Se quitó el sombrero y se abanicó con él. Seguro que Paul ya había entrado en razón. De todos modos, ella abordaría sus acusaciones, le explicaría que hasta la noche anterior no sabía nada de los planes de Kitty. Que Ernst von Klippstein siempre se había portado como un caballero. Y que a ella los cuadros de su madre le parecían cualquier cosa menos «horribles».
Apoyó la cabeza en el tronco liso del haya y levantó la vista hacia el follaje. Los rayos de sol penetraban como flechas de luz a través del alero verde. Cerró los ojos.
Algo en su interior dijo «no». Ya no podía seguir así. Habían traspasado un límite. Nadie podía defenderse una y otra vez de acusaciones injustas. Si había amor, debía haber confianza. Si no había confianza, es que el amor había muerto.
—Ya no me quiere.
Susurró esa frase para sí misma. En algún lugar se oía correr agua, quizá las mujeres estaban llenando las regaderas en la fuente. O tal vez fuera un arroyo, un río. El corazón le palpitaba deprisa, se mareó. «No te desmayes», pensó. «Sobre todo no te desmayes».
—¡Marie! Pero qué susto me has dado. Lo sabía. ¡Marie! ¿Qué te ha pasado? Marie, mi queridísima Marie.
Como a través de una niebla centelleante vio un rostro que se inclinaba hacia ella. Grandes ojos azules asustados, pelo corto que caía sobre la frente y las mejillas.
—¿Kitty? Estoy… estoy un poco… mareada.
—¿Mareada? Gracias a Dios. Ya pensaba que estabas muerta.
La niebla se disipó, Marie comprendió que estaba tumbada boca arriba en el suelo, debajo del haya en la que se había apoyado al sentarse.
—¡He imaginado que habrías venido aquí! ¿Puedes levantarte? No, espera, te ayudo. ¿O mejor llamo a un médico? Por ahí va un matrimonio, podrían ayudarnos.
—No, no, ya estoy mejor. Ha sido el calor. ¿Dónde están los niños?
Al incorporarse, sintió otro leve mareo. Kitty la miraba preocupada.

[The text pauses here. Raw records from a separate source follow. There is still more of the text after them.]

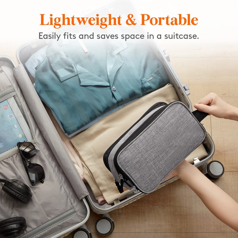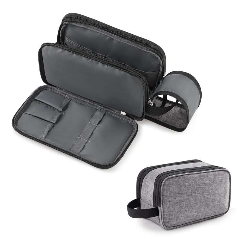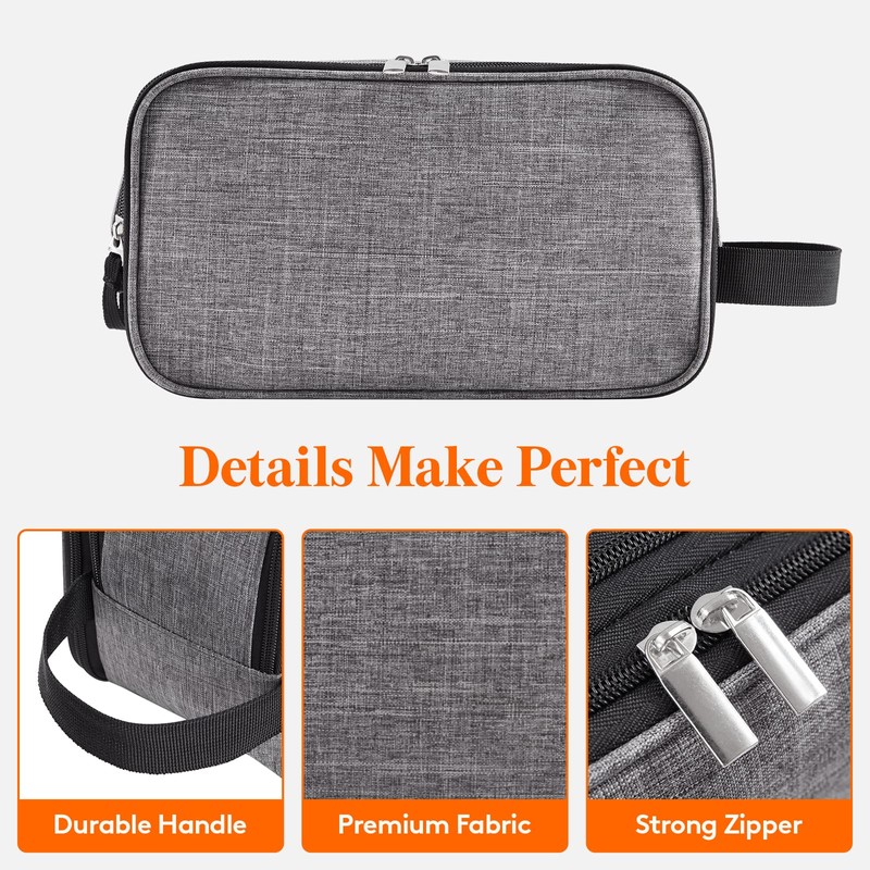 - Double Zipper Design: Double zippered opening for sturdy, quick access to the main compartment. Simply pull the attached zipper to fully open the large opening of the toiletries bag and easily retrieve the items inside.
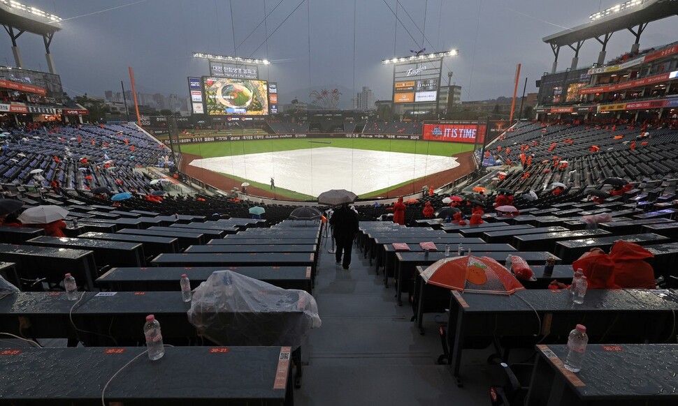 삼성 라이온즈와 한화 이글스의 2025 KBO리그 플레이오프(PO) 1차전이 열리는 17일 대전 한화생명 볼파크에 비가 내리고 있다. 연합뉴스 |
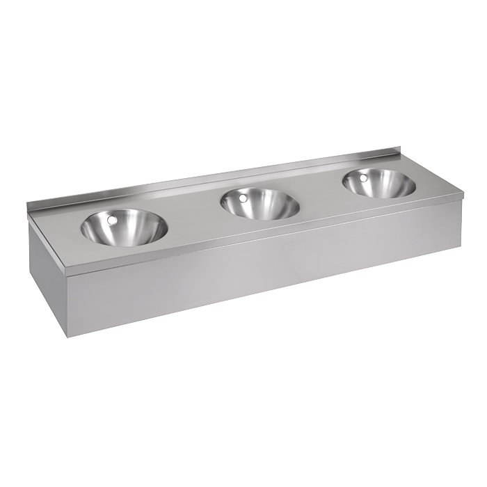 - SLUN 20P - falra szerelhető rozsdamentes acél hármas mosdó előlapos kivitelben és túlfolyó készlettel, 1800 mm hosszúságban
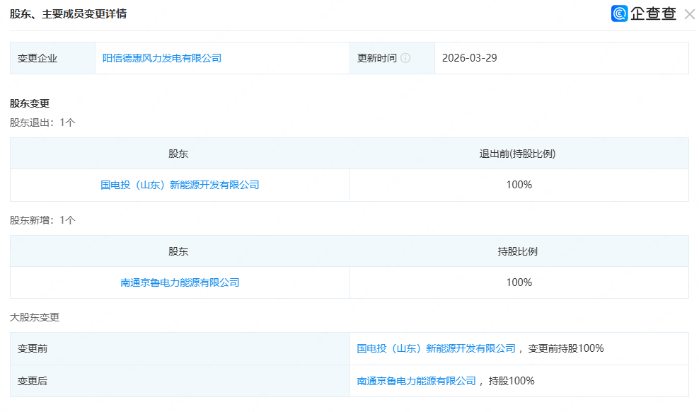 企查查App显示,3月29日,阳信德惠风力发电有限公司发生股东变更:原持股100%的国电投(山东)新能源开发有限公司退出,由南通京鲁电力能源有限公司接盘。与此同时,该公司总经理也由邢成关变更为王鲁任。
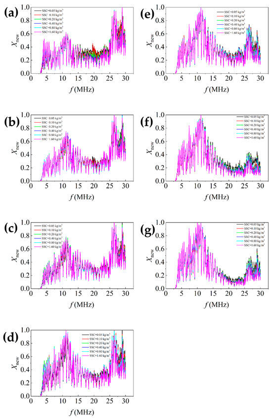 - The multi-frequency measurement experiments of a single particle size showed that the shape of the time-averaged normalised spectral map will not change with the change in concentration; only the corresponding Amp value will change at a certain proportion. The law of change in the Amp value is in line with the relevant studies of other scholars [12,15,37,48,49]; the smaller the particle size is, the higher the frequency corresponding to the peak is, and the larger the particle size is, the lower the frequency corresponding to the peak is.

—Esos pilluelos están con Gertrude. Y ahora mismo te llevaré allí en coche.
Marie se levantó con esfuerzo, se llevó la mano a la frente y notó que Kitty la rodeaba con el brazo.
—¿A la casa de Frauentorstrasse? —murmuró—. Kitty… Yo…
—¡A la casa de Frauentorstrasse! —repitió Kitty, decidida—. Y podéis quedaros allí el tiempo que queráis. Por mí como si es hasta el día del Juicio Final. O más allá.